Adult audiences, especially the generally polite ones at festivals, seem like a piece of cake then!
- Don’t be frightened of stage fright! As I mentioned earlier, for me, that certain nervousness before I go on helps to hone my performance, just as it hones my observational instincts in gauging the audience mood. A little uncertainty is no bad thing; though obviously being too nervous is not helpful!
- When speaking on a panel with other authors, don’t go over your allotted time. It’s very annoying for the other speakers, and doesn’t give a good impression to the audience either. (Hopefully a good chair will stop this problem happening anyway!) And as I mentioned, be prepared to adapt what you planned to say in light of other people’s contributions, and respond perhaps directly to a point they’ve made—this makes for a much more interesting and organic feel which will engage the audience much more than speakers just trotting out pre-prepared speeches.

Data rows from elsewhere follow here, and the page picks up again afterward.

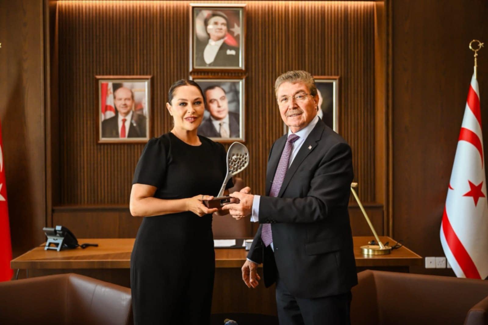 2025” turnuvası kapsamında adada bulunan sanatçı Hülya Avşar’ı kabul etti.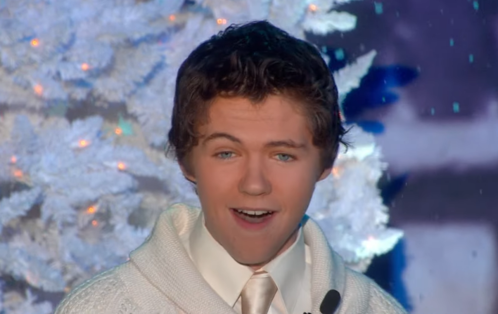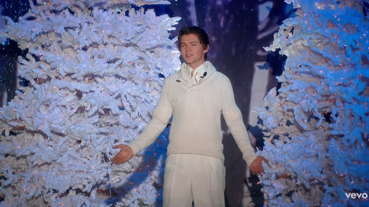 McGinty makes a dramatic entry from behind the White Christmas trees. The singer looks dashing in a white shirt, trousers, and a pullover. McGinty starts to sing confidently, and everyone in the crowd is mesmerized by his innocent looks and fantastic voice.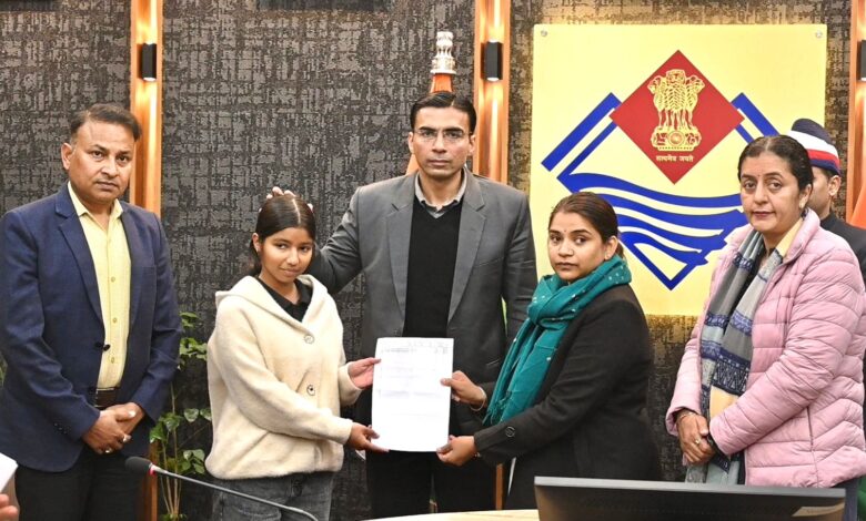 देहरादून 09 जनवरी 2026 । जिलाधिकारी सविन बंसल विषम परिस्थितियों से जूझ रही होनहार बेटियों की शिक्षा को पुनर्जीवित कर उनके उज्ज्वल भविष्य का मार्ग प्रशस्त कर रहे हैं। जिला प्रशासन ऐसे परिवारों के लिए संबल बनकर उभर रहा है, जहाँ संसाधनों की कमी के बावजूद बेटियों के सपनों में उड़ान भरने का जज़्बा मौजूद है।जिला प्रशासन बेटियों की शिक्षा को नया जीवन दे रहा है। इसी क्रम में जिलाधिकारी द्वारा जीविका अंथवाल (बी.कॉम द्वितीय वर्ष) एवं नन्दिनी राजपूत (कक्षा 11) को सीएसआर फंड से 1-1 लाख रुपये की आर्थिक सहायता प्रदान की गई है। दोनों बेटियों की शिक्षा को विगत सप्ताह प्रोजेक्ट ‘नंदा-सुनंदा’ के माध्यम से पुनर्जीवित की गई है।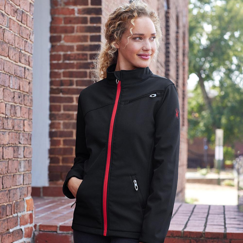 Spyder Women's Transport Soft Shell Jacket — a sleek, customizable outer layer built for comfort and performance. Crafted from a flexible 94% polyester / 6% spandex softshell with a 3-layer X T.L laminate for long-lasting wear, it features micro-brushed tricot at the chin and inner trim for next-to-skin softness. Functional details include a reverse coil center front zipper, zippered handwarmer pockets and a secure zip chest pocket. Asymmetrical seam accents and a modern fit deliver a polished, athletic look—ideal for corporate apparel, team outerwear, event giveaways or everyday commuting. Add your logo or artwork to create branded, professional-looking promotional outerwear.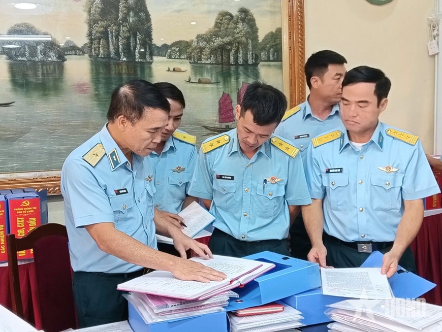 | Thiếu tướng Ngô Quốc Chung, Phó chủ nhiệm Chính trị Quân chủng PK-KQ kiểm tra sổ sách CTĐ, CTCT khối cơ quan Sư đoàn 363. |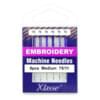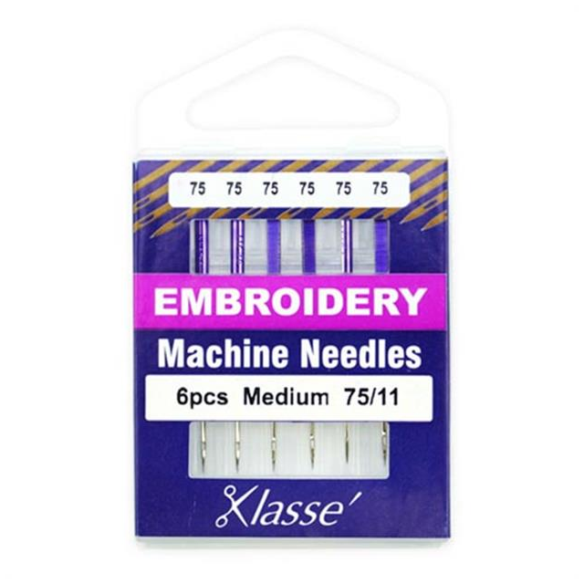 NEEMEM075 NEEMEM075 EMBROIDERY MACHINE NEEDLE #75 PACK OF 6. Embroidery needles are specially designed with a larger scarf and thread eye. These two parts ensure that the needle is not causing undue strain on the embroidery thread and are always preferable to regular sewing needles when doing embroidery work. In stock Login For Price
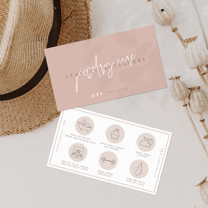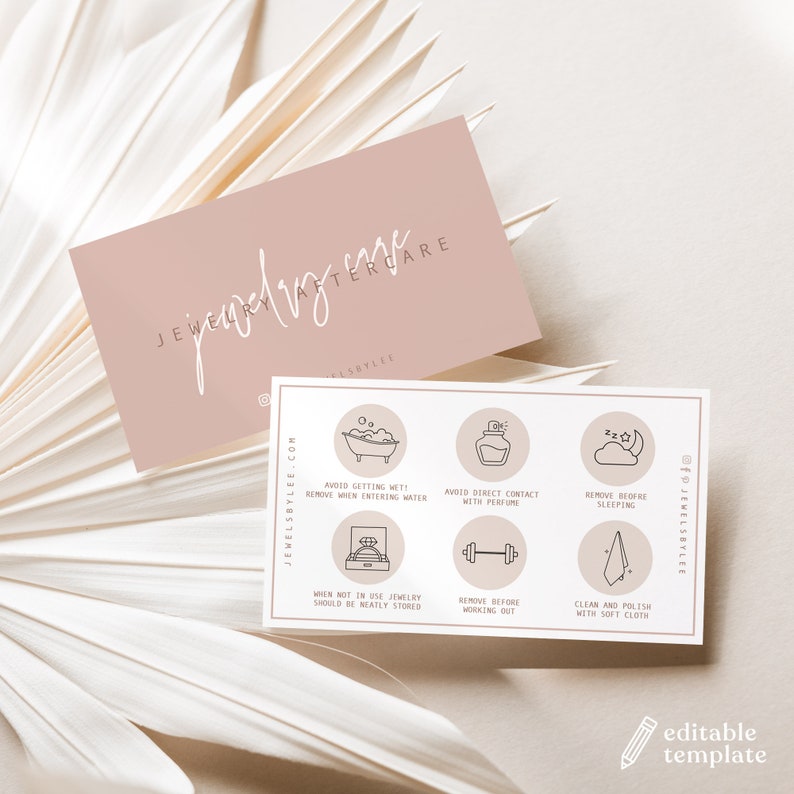 Care Instructions Card 100% Editable Jewelry Care Card Insert Care Card

- Don’t expect too much from your talk. And yet don’t be too dismissive of the possibilities. They are not always measured in book sales or even immediate audience engagement. Who knows what effect it will have? Maybe none. Maybe no-one will remember it. We have so much information and entertainment coming at us all the time, that it can be hard to keep anything in mind for very long. On the other hand, you never know—something in what you say might inspire a budding writer, or lastingly touch a reader’s heart. That’s happened more than once over those two decades, for me. And that is what makes it all worthwhile.
Over to you—as writers, what is your experience of talking in public? And as readers and listeners, what do you think makes for the best kind of book talk?